When I use Aparapi with an AMD Radeon R7 450 graphics card with older drivers installed, the maximum value of the size parameter in the code below can be 268,435,455. Which corresponds to the 2D image size 16384 X 16384 = 268,435,456 (screenshot below). When I usually use the AMD Radeon RX 5700 XT graphics card, which also has a 2D image size of 16384 X 16384 = 268,435,456, I get this error: Total Local Kernel Size: Exceeds Maximum Allowed Local Kernel Size: 256 failed [ERROR] Failed to execute command That is size value cannot be greater than 256. Same issue with NVIDIA GeForce RTX 3060 Ti even though it has a 2D image size of 32768 X 32768 = 1,073,741,824. Tell me what could be the problem? Why is code performance lower in this case on newer video cards?
Code:
int size = 268435455;
double[] a = new double[size];
double[] b = new double[size];
double[] c = new double[size];
for (int i = 0; i < size; i++)
{
a[i] = i;
b[i] = i;
}
Kernel kernel = new Kernel()
{
@Override
public void run()
{
int gid = getGlobalId();
c[gid] = a[gid] + b[gid];
}
};
kernel.execute(size);
kernel.dispose();
screen GPU Caps Viewer
AMD Radeon R7 450:
AMD Radeon RX 5700 XT:
NVIDIA GeForce RTX 3060 Ti:
ADDITION:
We managed to work around this problem in this way. If you use this code, the size can be greater than 256
Range range = Range.create2D(size, 1);
kernel.execute(range);
kernel.dispose();
But if the array is two-dimensional, as in this case, then for AMD Radeon RX 5700 XT Range.create 2D(size, 1) works with a size greater than 256, but not for NVIDIA GeForce RTX 3060 Ti.
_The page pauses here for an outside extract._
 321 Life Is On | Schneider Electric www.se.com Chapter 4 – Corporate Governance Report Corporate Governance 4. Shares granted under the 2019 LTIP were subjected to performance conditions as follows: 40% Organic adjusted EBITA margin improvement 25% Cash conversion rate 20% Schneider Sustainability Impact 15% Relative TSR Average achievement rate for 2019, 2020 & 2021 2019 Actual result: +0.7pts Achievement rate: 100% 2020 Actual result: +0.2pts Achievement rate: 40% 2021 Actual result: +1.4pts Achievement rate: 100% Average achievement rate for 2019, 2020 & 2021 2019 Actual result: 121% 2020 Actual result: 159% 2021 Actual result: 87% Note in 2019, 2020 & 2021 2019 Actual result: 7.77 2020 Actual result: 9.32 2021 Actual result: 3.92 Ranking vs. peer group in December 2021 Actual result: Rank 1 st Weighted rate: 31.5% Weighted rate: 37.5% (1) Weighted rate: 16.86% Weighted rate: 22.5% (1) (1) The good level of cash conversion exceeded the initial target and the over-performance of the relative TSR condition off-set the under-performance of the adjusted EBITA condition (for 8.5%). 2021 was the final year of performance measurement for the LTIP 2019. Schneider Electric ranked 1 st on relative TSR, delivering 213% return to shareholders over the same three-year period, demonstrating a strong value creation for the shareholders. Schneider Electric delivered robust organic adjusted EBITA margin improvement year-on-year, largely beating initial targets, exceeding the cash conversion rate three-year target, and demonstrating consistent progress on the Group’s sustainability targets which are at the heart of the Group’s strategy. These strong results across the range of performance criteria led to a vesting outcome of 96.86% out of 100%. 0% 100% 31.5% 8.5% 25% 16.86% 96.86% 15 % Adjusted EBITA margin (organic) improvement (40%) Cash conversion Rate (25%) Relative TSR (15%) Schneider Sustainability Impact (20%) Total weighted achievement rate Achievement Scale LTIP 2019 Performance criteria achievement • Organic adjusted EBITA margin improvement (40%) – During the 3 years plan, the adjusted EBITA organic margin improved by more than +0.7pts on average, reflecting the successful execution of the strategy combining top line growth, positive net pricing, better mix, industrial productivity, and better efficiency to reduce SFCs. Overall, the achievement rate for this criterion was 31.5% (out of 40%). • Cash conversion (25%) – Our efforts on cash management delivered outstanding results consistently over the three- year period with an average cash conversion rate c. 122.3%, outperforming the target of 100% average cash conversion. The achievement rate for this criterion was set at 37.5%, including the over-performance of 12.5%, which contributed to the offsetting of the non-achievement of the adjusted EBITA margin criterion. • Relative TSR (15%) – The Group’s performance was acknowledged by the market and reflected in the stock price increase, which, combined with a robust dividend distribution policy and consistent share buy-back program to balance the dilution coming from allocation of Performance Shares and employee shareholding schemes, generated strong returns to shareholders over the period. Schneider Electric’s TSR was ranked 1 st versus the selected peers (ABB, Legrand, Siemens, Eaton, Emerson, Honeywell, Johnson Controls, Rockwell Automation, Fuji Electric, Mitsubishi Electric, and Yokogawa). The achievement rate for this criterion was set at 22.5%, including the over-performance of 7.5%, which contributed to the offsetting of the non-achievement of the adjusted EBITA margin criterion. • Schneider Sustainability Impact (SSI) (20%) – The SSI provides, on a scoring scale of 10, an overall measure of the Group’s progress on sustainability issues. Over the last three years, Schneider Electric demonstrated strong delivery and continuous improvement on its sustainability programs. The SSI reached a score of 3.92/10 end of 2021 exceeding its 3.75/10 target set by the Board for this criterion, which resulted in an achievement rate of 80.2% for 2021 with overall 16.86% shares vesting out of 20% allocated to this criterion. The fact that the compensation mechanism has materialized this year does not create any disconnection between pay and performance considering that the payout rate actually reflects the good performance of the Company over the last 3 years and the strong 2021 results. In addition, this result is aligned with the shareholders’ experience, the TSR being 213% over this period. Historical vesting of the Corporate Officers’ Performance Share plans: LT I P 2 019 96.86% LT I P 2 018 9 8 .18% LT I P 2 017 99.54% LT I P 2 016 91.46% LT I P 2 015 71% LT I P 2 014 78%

For NVIDIA GeForce RTX 3060 Ti still size more than 256 does not work.
Kernel kernel = new Kernel()
{
@Override
public void run()
{
int gid = getGlobalId();
for (int i = 0; i < size; i++)
{
c[i][gid] = a[i][gid] + b[i][gid];
}
}
}
Perhaps, for Aparapi AMD video cards are preferable to NVIDIA. Keep this in mind when buying a video card.